In this humble reporter's opinion, nothing happened over the weekend to quell my enthusiasm for the concept.
I think it safe to say that in a 3-4 hour window on Saturday I saw more exciting RACES than I have in the last 10 years of the Stanford Invitational, which is a 2-day, 8-hour affair. And, just in case it's necessary, a RACE is where two or more people have a great battle, one of them breaking the other. A race is not an endless sucession of people running against the clock. That's time-trialing.
I would also say that those who point to the number of coaches who had top people who dog it in Regionals, figuring they were safe to get into the Nationals on time, may be their own worst enemies. I would hope/assume that the NCAA will look at some of the travesties that were visited upon us and say "OK, no more wild cards, period." I wouldn't want to see that, but I'd certainly be in favor in a reduction in the number thereof.
I'm also stunned that there were apparently no "honest effort" DQs, that the NCAA has traditionally been so dogmatic about handing out. If ever there were a case...
Is it easy to find fault with how the whole thing played out? Absofrigginlutely! Imbalance in fields, too many people meeting Q-standards, etc., etc. But all things that are to be expected with a radical new concept that had a very short gestation period.

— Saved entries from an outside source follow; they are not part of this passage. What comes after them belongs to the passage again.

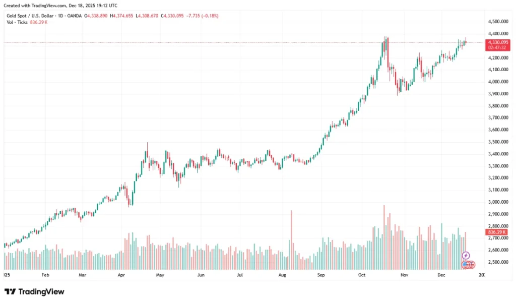 2025 m. auksas fiksavo nuoseklius prieaugius, o spalį – pirmą kartą viršijo 4 000 JAV dolerių už unciją ribą, tačiau pasak JAV investicinio banko „JPMorgan“, aukso kaina, tikėtina, kils ir toliau.
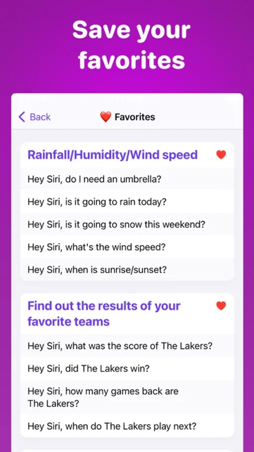 Save your favorite commands to a separate list so you can look them up instantly, at any time (requires the one-time Pro purchase).
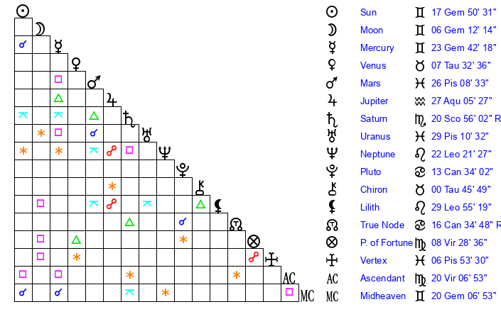 | Sun | 17 Gemini 50 | 18 Gemini 52 | 22 Virgo 49 |
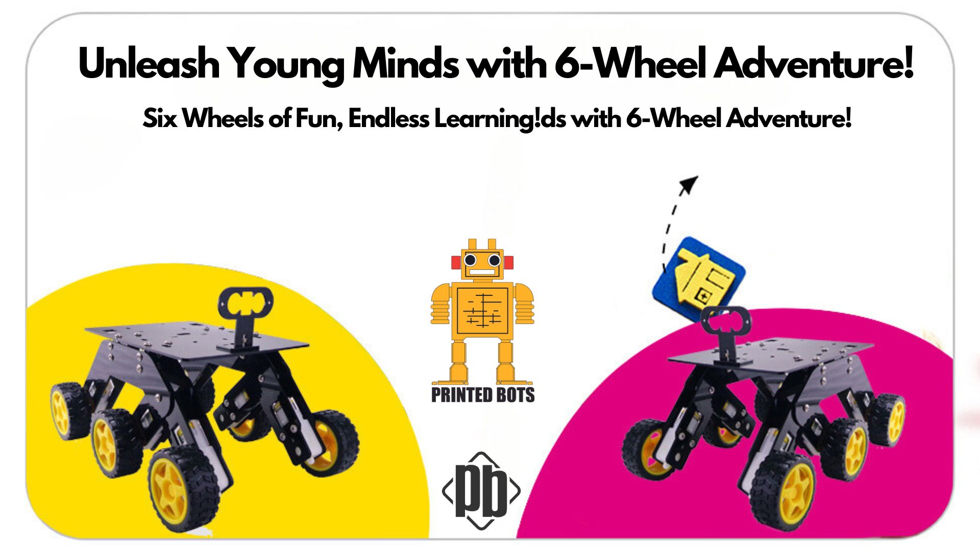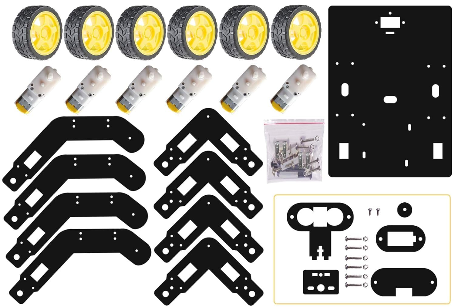 Printed Bots ® Acrylic 6 Wheel Drive Curious Chassis for DIY Robotics (Black)
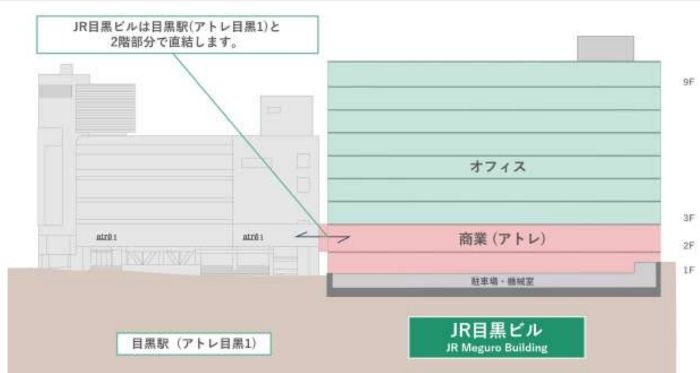 JR目黒駅直結の複合ビル「JR目黒ビル」の本体工事に着手する計画。
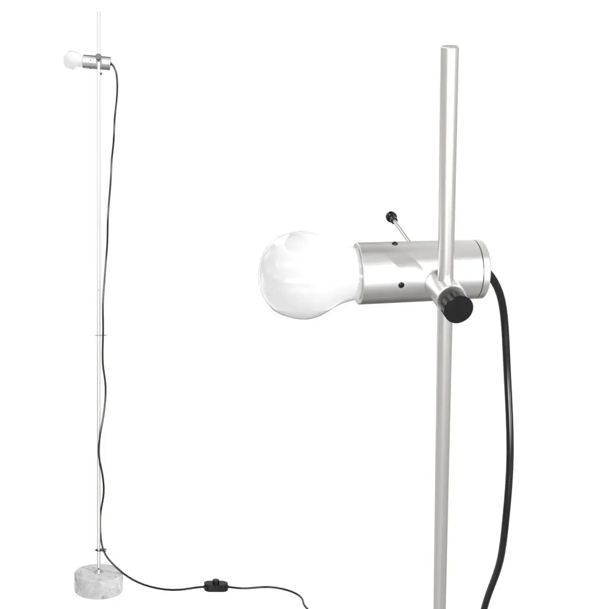 Italian design icon from the 1960s : a minimalist floor lamp by Tito Agnoli for Oluce. It features a concrete base and a stainless steel pole on which the socket can be multi dimensionally adjusted. The socket unit features a stainless steel adjsuting stick which allows to rotate the socket and adjust lighting to the desired position.The lamp has not been rewired and accomodates bulbs originally designed for this lamps. New Re edition bulbs with bayonet feature can easily be sourced online.Creator: Oluce (Maker),Tito Agnoli (Designer)Dimensions: Height: 75.6 in (192 cm)Diameter: 6.7 in (17 cm)
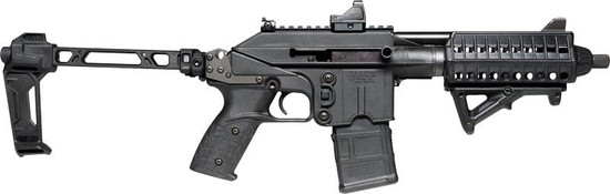 Chambered in 5.56 NATO, the PLR16 is an excellent option for small game hunting, hiking, turning heads at range day or any situation that requires a rifle caliber in a pistol platform. It accepts standard AR-15 magazines and its ready for customization to fit your needs. Features a KelTec PLR16 stock/brace adapter/Strike Industries pistol stabilizer brace; Magpul angled grip; threaded barrel and compact forend. Includes Viridian RFX-11 green dot.
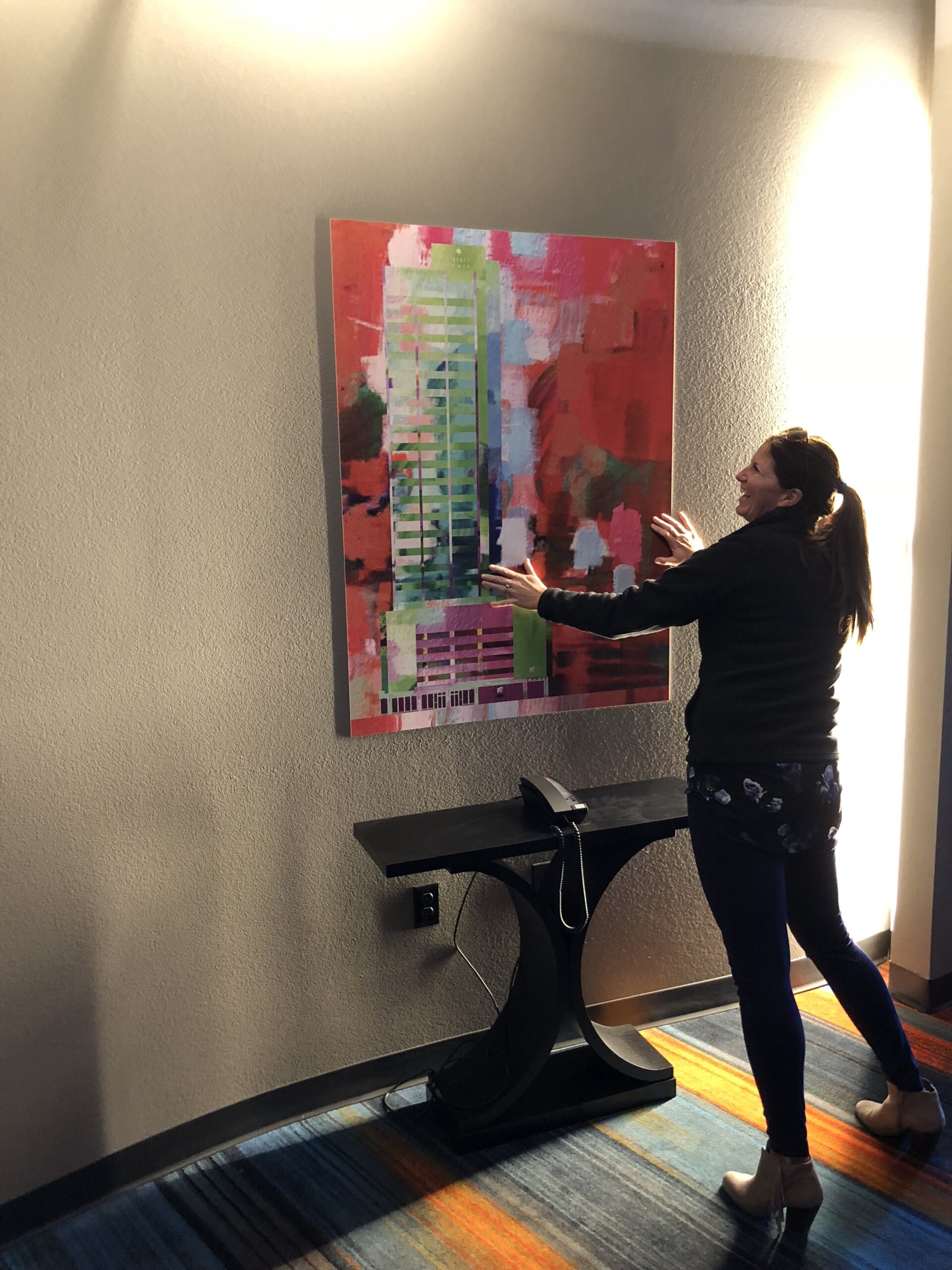 Το πορτραίτο παράχθηκε σε 10 πίνακες καμβά και τοποθετήθηκε σε κάθε ένα από τους ορόφους του ξενοδοχείου “aloft” που υπάρχει μέσα στο κτίριο.

I think EVERYBODY will be pleasantly surprised with the number of scorers at the NCAA's who would not have been there with the old way. We have also kept the cream of the 'marks' crop, so you can't complain the most elite were not there. The only real complainers are those big programs coaches who would have had more athletes at nationals, as they sought the team crown. Oh well, the cream will still rise to the top.
The Western Regional was the best non-NCAA Champs collegiate meet I've ever seen.
If the others didn't go so well, perhaps it is because they didn't have the announcers and crowd that Stanford did. Everyone I know who attended enjoyed the meet greatly. I'm just bummed it won't be at Stanford next year.
Well, GH, I gotta say that the Stanford Invitational probably isn't an ideal meet to compare to, because the sprints generally suck eggs.
I usually go and get my restroom on during anything over two laps anyway (except the 4x4!), so "thrilling distance race" isn't really part of my vocabulary. If the sprints ain't fast and the relays ain't smokin', the meet gets a thumbs-down.
That's much of the reason why the Texas Relays are so popular. People LOVE to see speed in this country, and that's the emphasis in Austin. Sure, the competition angle is a big part, but it's mostly about the times. No one goes home yapping about how great that 10.45-10.46 100 battle was.
You love Regionals and have pushed it since the idea first appeared. A lot of us out in the field hate the whole idea. It is a reflection of what we look for in the sport, and much like any heated debate, neither side is likely to change much.
>In this humble reporter's opinion, nothing
>happened over the weekend to quell my enthusiasm
>for the concept.
>would also say that those who point to the number
>of coaches who had top people who dog it in
>Regionals, figuring they were safe to get into
>the Nationals on time, may be their own worst
>enemies. I would hope/assume that the NCAA will
>look at some of the travesties that were visited
>upon us and say "OK, no more wild cards,
>period." I wouldn't want to see that, but I'd
>certainly be in favor in a reduction in the
Score the meet and make it count as a provision for advancing to Nationals.